WHAT THE TASK REQUIRES: The entries below are to be copied exactly, with every picture left out.

Data records:
=== Section Start ===
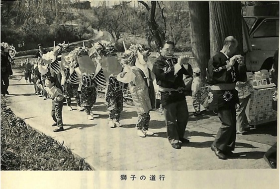 概要 | 獅子舞が、いつ頃より始められたかは、記録がないためはっきりしないが、現在発見されている古いものとしては、文政4年(1821)の文書に「畔宇治大明神例年四月八日祭禮に獅子舞奉納」ということが記され、さらに「前々より」ともあって、文政4年以前より奉納されていたことははっきりするが、年代などについては不明である。口伝によれば、獅子舞はもともと古賀良神社のもので、上大戸だけで獅子を管理しているが、明治の神社合併によって畔宇治神社においても、獅子舞を奉納するようになったといわれる。 畔宇治神社の祭典は、春は4月、秋は11月で、当日獅子舞が奉納される。舞は子供獅子三組と大人獅子一組からなる。(子供獅子の低学年の部は、体格的に無理なこともあって、獅子頭は身につけず、祭りのハッピに鉢巻と小太鼓といった姿で舞う。) 大戸公民館の前で「宮振り」を舞って出発、「道行」という行進隊形で大戸宿を経て神社へ向かう。アンドン、狐(カンカチ)、前獅子(黒獅子)、中獅子(赤獅子)、後獅子(黒獅子)、花笠(ささら)、そして子供組と行列を組む。帰る時は「振込み」を舞い、全部が終了となる。 獅子は小太鼓に撥、狐は金の棒、花笠は獅子舞独特の「ささら」という竹を割った楽器を使用する。 後継者不足にて一時中止せざるを得なくなった時期もあったが、その後、大戸区全域に呼びかけ、昭和62年に獅子舞保存会が結成、12年ぶりに復活となり、現在に至っている。 舞いは全部で17あり、「五穀豊穣・家内安全」と書かれた大きな万燈が立つ社殿を一周して、神前の広場で子供組、ついで大人組が舞いを奉納する。 舞座:①チャーリャウトウロウ ②チーロリ ③ヒキヤ(ヒーリャリトヒャリ) ④振込み ⑤飛違い ⑥チャーリャウト ⑦ヒキヤ ⑧宮振り ⑨岡崎 ⑩デンジ ⑪トヒャリ ⑫どじょう猫 ⑬担ぎ(俵担ぎ) ⑭ヒーヒ ⑮家敷返り ⑯左ねじり ⑰おおやれい 【畔宇治神社獅子舞】東吾妻町 |
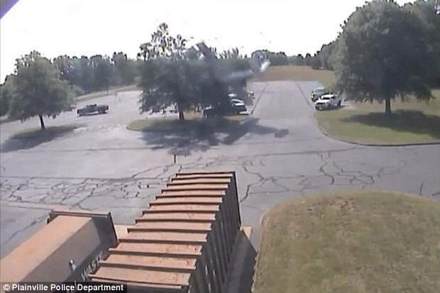 Chiếc máy bay gặp sự cố, đâm sầm vào một cái cây rồi rơi xuống đất.
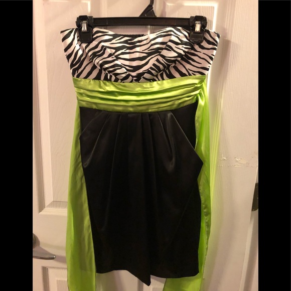 Zebra print top, lime green sash & black bottom.
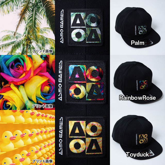 中央にロゴの刺繍とASMOGAMESのパターンワッペンをあしらいました。パターンワッペンの種類は30種類。多種多様のデザインをお楽しみください。
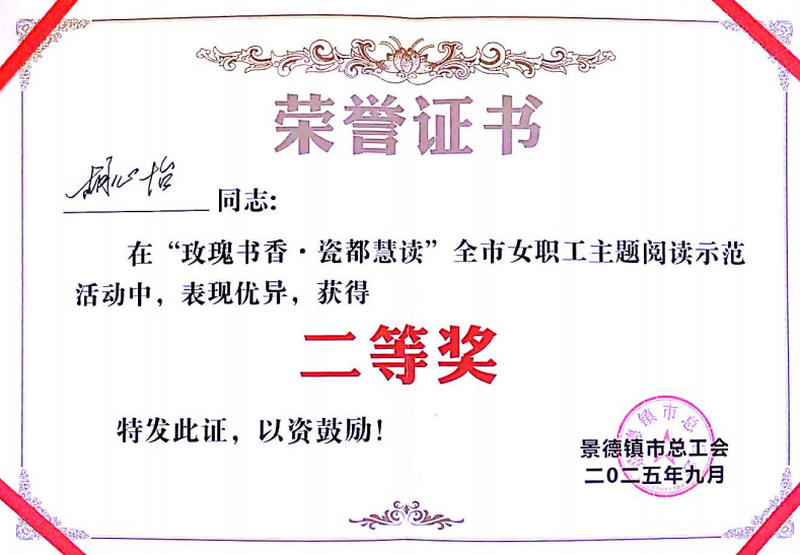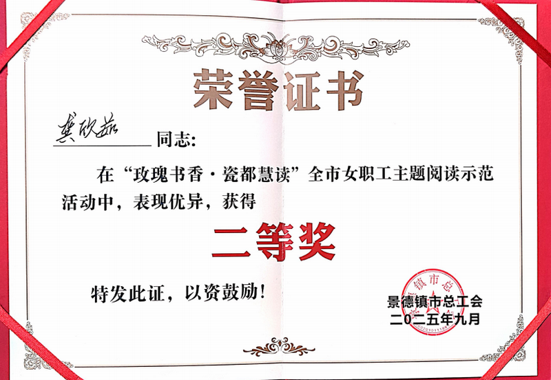 9月19日下午,在景德鎮(zhèn)市總工會(huì)舉辦的“玫瑰書香 瓷都慧讀”全市女職工示范閱讀活動(dòng)中,陶博城公司女職工胡心怡、龔欣茹代表國(guó)控集團(tuán)參賽,憑借情景朗誦作品《瓷間玫瑰,書香漫卷》脫穎而出,以 97.70分的優(yōu)異成績(jī)(位列第二),榮獲本次活動(dòng)二等獎(jiǎng)!
=== Section End ===
SOLUTION FOR THIS EXERCISE:
 概要 | 獅子舞が、いつ頃より始められたかは、記録がないためはっきりしないが、現在発見されている古いものとしては、文政4年(1821)の文書に「畔宇治大明神例年四月八日祭禮に獅子舞奉納」ということが記され、さらに「前々より」ともあって、文政4年以前より奉納されていたことははっきりするが、年代などについては不明である。口伝によれば、獅子舞はもともと古賀良神社のもので、上大戸だけで獅子を管理しているが、明治の神社合併によって畔宇治神社においても、獅子舞を奉納するようになったといわれる。 畔宇治神社の祭典は、春は4月、秋は11月で、当日獅子舞が奉納される。舞は子供獅子三組と大人獅子一組からなる。(子供獅子の低学年の部は、体格的に無理なこともあって、獅子頭は身につけず、祭りのハッピに鉢巻と小太鼓といった姿で舞う。) 大戸公民館の前で「宮振り」を舞って出発、「道行」という行進隊形で大戸宿を経て神社へ向かう。アンドン、狐(カンカチ)、前獅子(黒獅子)、中獅子(赤獅子)、後獅子(黒獅子)、花笠(ささら)、そして子供組と行列を組む。帰る時は「振込み」を舞い、全部が終了となる。 獅子は小太鼓に撥、狐は金の棒、花笠は獅子舞独特の「ささら」という竹を割った楽器を使用する。 後継者不足にて一時中止せざるを得なくなった時期もあったが、その後、大戸区全域に呼びかけ、昭和62年に獅子舞保存会が結成、12年ぶりに復活となり、現在に至っている。 舞いは全部で17あり、「五穀豊穣・家内安全」と書かれた大きな万燈が立つ社殿を一周して、神前の広場で子供組、ついで大人組が舞いを奉納する。 舞座:①チャーリャウトウロウ ②チーロリ ③ヒキヤ(ヒーリャリトヒャリ) ④振込み ⑤飛違い ⑥チャーリャウト ⑦ヒキヤ ⑧宮振り ⑨岡崎 ⑩デンジ ⑪トヒャリ ⑫どじょう猫 ⑬担ぎ(俵担ぎ) ⑭ヒーヒ ⑮家敷返り ⑯左ねじり ⑰おおやれい 【畔宇治神社獅子舞】東吾妻町 |
 Chiếc máy bay gặp sự cố, đâm sầm vào một cái cây rồi rơi xuống đất.
 Zebra print top, lime green sash & black bottom.
 中央にロゴの刺繍とASMOGAMESのパターンワッペンをあしらいました。パターンワッペンの種類は30種類。多種多様のデザインをお楽しみください。
 9月19日下午,在景德鎮(zhèn)市總工會(huì)舉辦的“玫瑰書香 瓷都慧讀”全市女職工示范閱讀活動(dòng)中,陶博城公司女職工胡心怡、龔欣茹代表國(guó)控集團(tuán)參賽,憑借情景朗誦作品《瓷間玫瑰,書香漫卷》脫穎而出,以 97.70分的優(yōu)異成績(jī)(位列第二),榮獲本次活動(dòng)二等獎(jiǎng)!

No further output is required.